Unfortunately, for many categories of documents, satisfying all three criteria at once will be a 
problem, given the limitations of screen design, computing capabilities, and network speeds. 
Benchmarking screen display must take all these variables into consideration and the attributes 
of the digital images themselves as user expectations are weighed one against the other. We are 
just beginning to investigate this interrelationship at Cornell, and although our findings are still 
tentative and not broadly confirmed through experimentation, I'm convinced that display 
benchmarking will offer the same advantages as conversion benchmarking to research 

institutions that are beginning to make their materials available electronically 

Now for the good news: it is easy to display the complete image and it is possible to display it 
quickly. It is easy to ensure screen legibility— in fact intensive scrutiny of highly detailed 
information is facilitated on screen. Color fidelity is a little more difficult to deliver, but progress 

is occurring on that frontA^ 

Now for the not so good news: given common desktop computer configurations, it may not be 
possible to deliver full 24-bit color to the screen— the monitor may have the native capability but 
not enough video memory or its refresh rate can not sustain a non-flickering image. The 
complete image that is quickly displayed may not be legible. A highly detailed image may take a 
long time to deliver and only a small percent of it will be seen at any given time. You may call 
up a photograph of Yul Brenner only to discover you have landed somewhere on his bald pate. 

Benchmarking will allow you to predict in advance the pros and cons of digital image display. 
Conflicts between legibility and completeness, between timeliness and detail, can be identified 
and compromises developed. Benchmarking allows you to predetermine a set process for 
delivering images of uniform size and content, and to assess how well that process will 
accommodate other document types. Scaling to 72 dpi and adding 3 bits of gray may be a good 
choice for technical reports produced at 10 point type and above, but will be totally inadequate 
for delivering digital renderings of full-size newspapers. 

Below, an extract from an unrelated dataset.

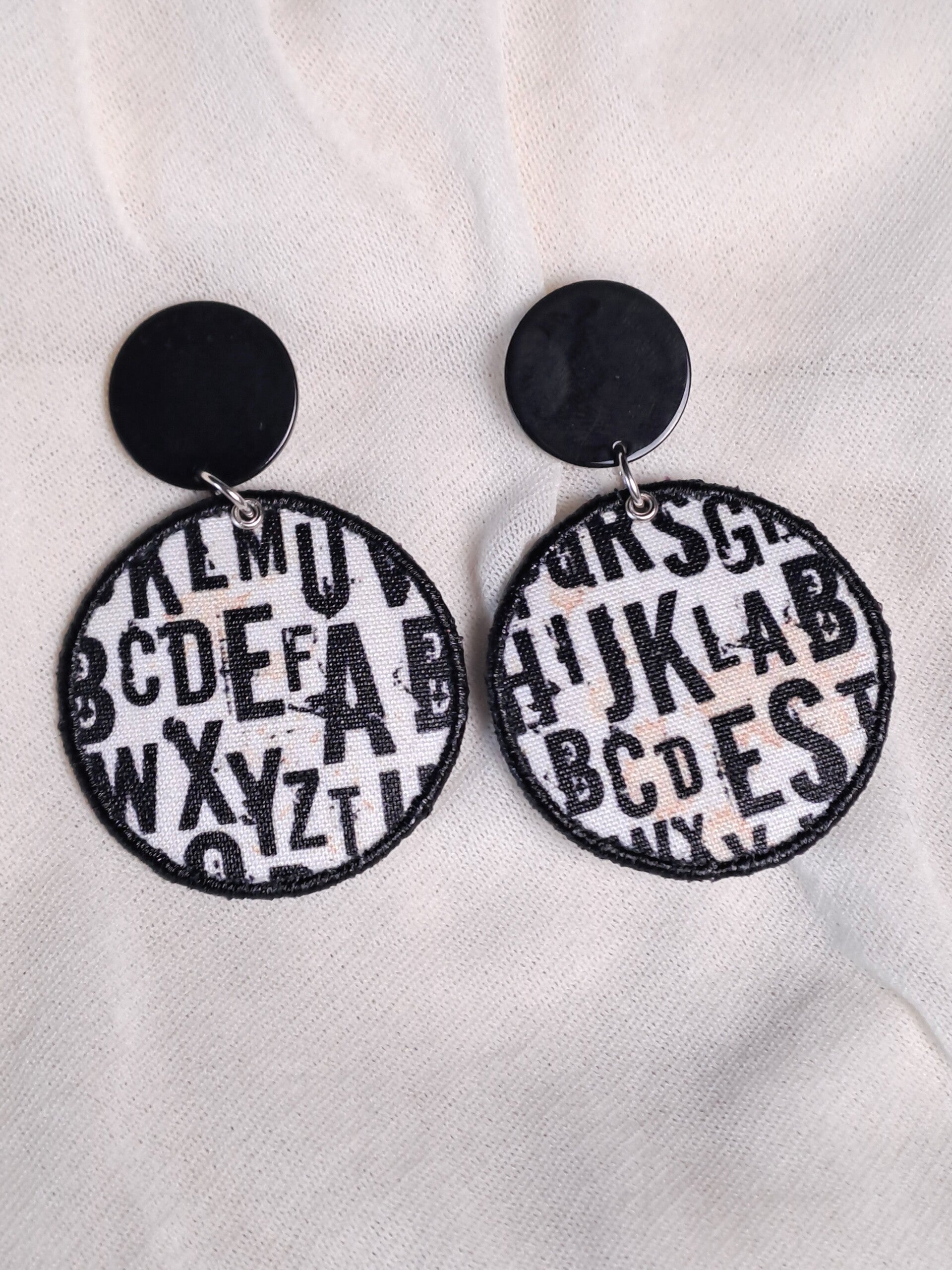 Boucles pour oreilles percées en tissu dans un camaïeu de couleurs "crèmes", avec typographie noire.
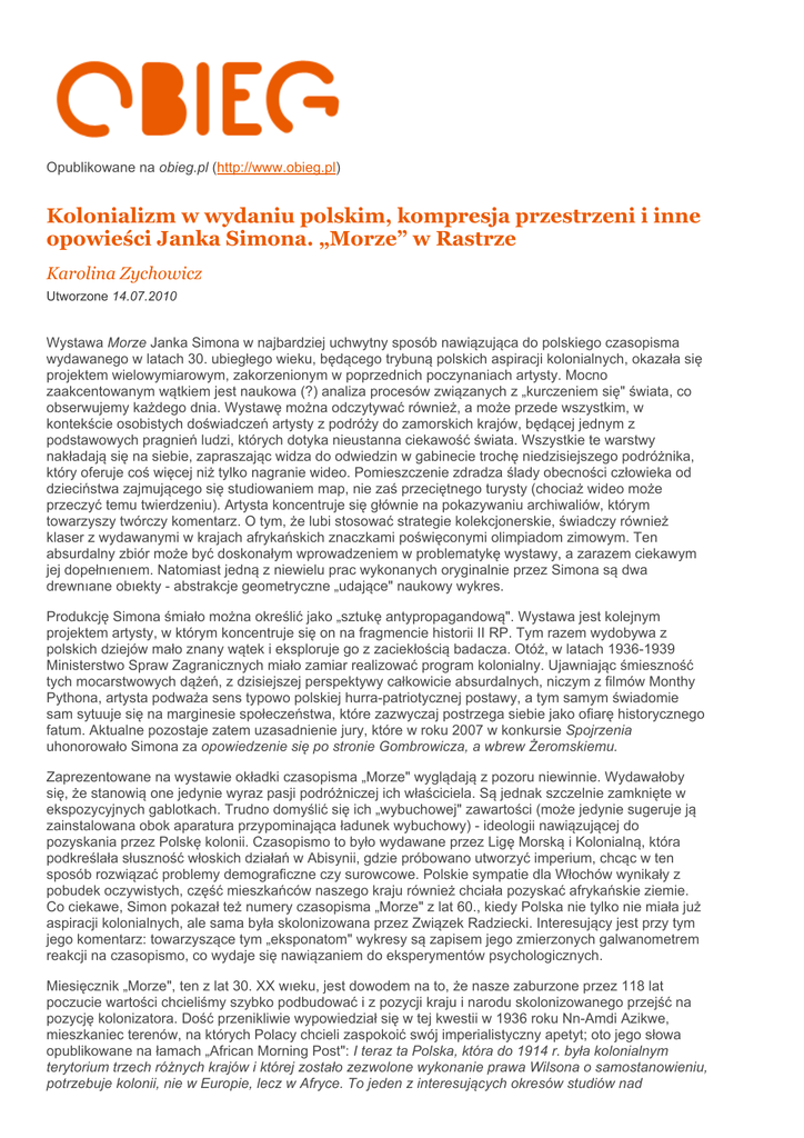 Opublikowane na obieg.pl (http://www.obieg.pl) Kolonializm w wydaniu polskim, kompresja przestrzeni i inne opowieści Janka Simona. „Morze” w Rastrze Karolina Zychowicz Utworzone 14.07.2010 Wystawa Morze Janka Simona w najbardziej uchwytny sposób nawiązująca do polskiego czasopisma wydawanego w latach 30. ubiegłego wieku, będącego trybuną polskich aspiracji kolonialnych, okazała się projektem wielowymiarowym, zakorzenionym w poprzednich poczynaniach artysty. Mocno zaakcentowanym wątkiem jest naukowa (?) analiza procesów związanych z „kurczeniem się" świata, co obserwujemy każdego dnia. Wystawę można odczytywać również, a może przede wszystkim, w kontekście osobistych doświadczeń artysty z podróży do zamorskich krajów, będącej jednym z podstawowych pragnień ludzi, których dotyka nieustanna ciekawość świata. Wszystkie te warstwy nakładają się na siebie, zapraszając widza do odwiedzin w gabinecie trochę niedzisiejszego podróżnika, który oferuje coś więcej niż tylko nagranie wideo. Pomieszczenie zdradza ślady obecności człowieka od dzieciństwa zajmującego się studiowaniem map, nie zaś przeciętnego turysty (chociaż wideo może przeczyć temu twierdzeniu). Artysta koncentruje się głównie na pokazywaniu archiwaliów, którym towarzyszy twórczy komentarz. O tym, że lubi stosować strategie kolekcjonerskie, świadczy również klaser z wydawanymi w krajach afrykańskich znaczkami poświęconymi olimpiadom zimowym. Ten absurdalny zbiór może być doskonałym wprowadzeniem w problematykę wystawy, a zarazem ciekawym jej dopełnıenıem. Natomiast jedną z niewielu prac wykonanych oryginalnie przez Simona są dwa drewnıane obıekty abstrakcje geometryczne „udające" naukowy wykres. Produkcję Simona śmiało można określić jako „sztukę antypropagandową". Wystawa jest kolejnym projektem artysty, w którym koncentruje się on na fragmencie historii II RP. Tym razem wydobywa z polskich dziejów mało znany wątek i eksploruje go z zaciekłością badacza. Otóż, w latach 19361939 Ministerstwo Spraw Zagranicznych miało zamiar realizować program kolonialny. Ujawniając śmieszność tych mocarstwowych dążeń, z dzisiejszej perspektywy całkowicie absurdalnych, niczym z filmów Monthy Pythona, artysta podważa sens typowo polskiej hurrapatriotycznej postawy, a tym samym świadomie sam sytuuje się na marginesie społeczeństwa, które zazwyczaj postrzega siebie jako ofiarę historycznego fatum. Aktualne pozostaje zatem uzasadnienie jury, które w roku 2007 w konkursie Spojrzenia uhonorowało Simona za opowiedzenie się po stronie Gombrowicza, a wbrew Żeromskiemu. Zaprezentowane na wystawie okładki czasopisma „Morze" wyglądają z pozoru niewinnie. Wydawałoby się, że stanowią one jedynie wyraz pasji podróżniczej ich właściciela. Są jednak szczelnie zamknięte w ekspozycyjnych gablotkach. Trudno domyślić się ich „wybuchowej" zawartości (może jedynie sugeruje ją zainstalowana obok aparatura przypominająca ładunek wybuchowy) ideologii nawiązującej do pozyskania przez Polskę kolonii. Czasopismo to było wydawane przez Ligę Morską i Kolonialną, która podkreślała słuszność włoskich działań w Abisynii, gdzie próbowano utworzyć imperium, chcąc w ten sposób rozwiązać problemy demograficzne czy surowcowe. Polskie sympatie dla Włochów wynikały z pobudek oczywistych, część mieszkańców naszego kraju również chciała pozyskać afrykańskie ziemie. Co ciekawe, Simon pokazał też numery czasopisma „Morze" z lat 60., kiedy Polska nie tylko nie miała już aspiracji kolonialnych, ale sama była skolonizowana przez Związek Radziecki. Interesujący jest przy tym jego komentarz: towarzyszące tym „eksponatom" wykresy są zapisem jego zmierzonych galwanometrem reakcji na czasopismo, co wydaje się nawiązaniem do eksperymentów psychologicznych. Miesięcznik „Morze", ten z lat 30. XX wıeku, jest dowodem na to, że nasze zaburzone przez 118 lat poczucie wartości chcieliśmy szybko podbudować i z pozycji kraju i narodu skolonizowanego przejść na pozycję kolonizatora. Dość przenikliwie wypowiedział się w tej kwestii w 1936 roku NnAmdi Azikwe, mieszkaniec terenów, na których Polacy chcieli zaspokoić swój imperialistyczny apetyt; oto jego słowa opublikowane na łamach „African Morning Post": I teraz ta Polska, która do 1914 r. była kolonialnym terytorium trzech różnych krajów i której zostało zezwolone wykonanie prawa Wilsona o samostanowieniu, potrzebuje kolonii, nie w Europie, lecz w Afryce. To jeden z interesujących okresów studiów nad międzynarodową polityką. Poprzedni sługa cesarzowej Austrii, Marii Teresy, cesarzowej Rosji Katarzyny II i Fryderyka Wielkiego w Prusach, teraz chce być panem w afrykańskim kraju1 . Wystawa Janka Simona w Rastrze w ciekawy sposób koresponduje z wykładami Andrzeja Turowskiego, które miały miejsce w w Muzeum Sztuki Nowoczesnej. Jeden z modułów, zatytułowany Zabraliście nam maski, a daliście nam śmieci, poświęcony został m.in. studiom postkolonialnym2 . Turowski koncentrował się głównie na problematyce związanej z Francją. Simon pokazuje natomiast, że problematyka postkolonialna dotyczy również Polski: odkrywa historię polskiej kolonizacji, która uzasadnia podjęcie studiów nad postkolonializmem. Potwierdza to tezę Turowskiego, że postkolonializm nie jest już jedynie praktyką akademicką, staje się również działalnością artystyczną czy polityczną. A że studia nad kolonizacjami przywołują niewygodnych świadków? Polska nie musi rozliczać się obecnie ze swojej przeszłości kolonialnej tylko dlatego, że jej imperialistyczne marzenia okazały się mrzonką. Turowski pokazał, że sprzeciw wobec kolonializmu uwidaczniał się już wśród surrealistów bojkotujących wielkie wystawy kolonialne, które często polegały na pokazywanıu ludzi z zamorskıch terytoriów zamkniętych w klatkach

To illustrate benchmarking as it applies to display, consider the first two user expectations: 
complete display and legibility. We expect printed facsimiles produced from digital images to 
look very similar to the original. They should be the same size, preserve the layout, and convey 
detail and tonal information that is faithful to the original. Many readers assume that the digital 
image on screen can also be the same, that if the page were correctly converted, it could be 
brought up at approximately the same size and with the same level of detail as the original. It is 
certainly possible to scale the image to be the same size as the original document, but chances 
are information contained therein will not be legible. 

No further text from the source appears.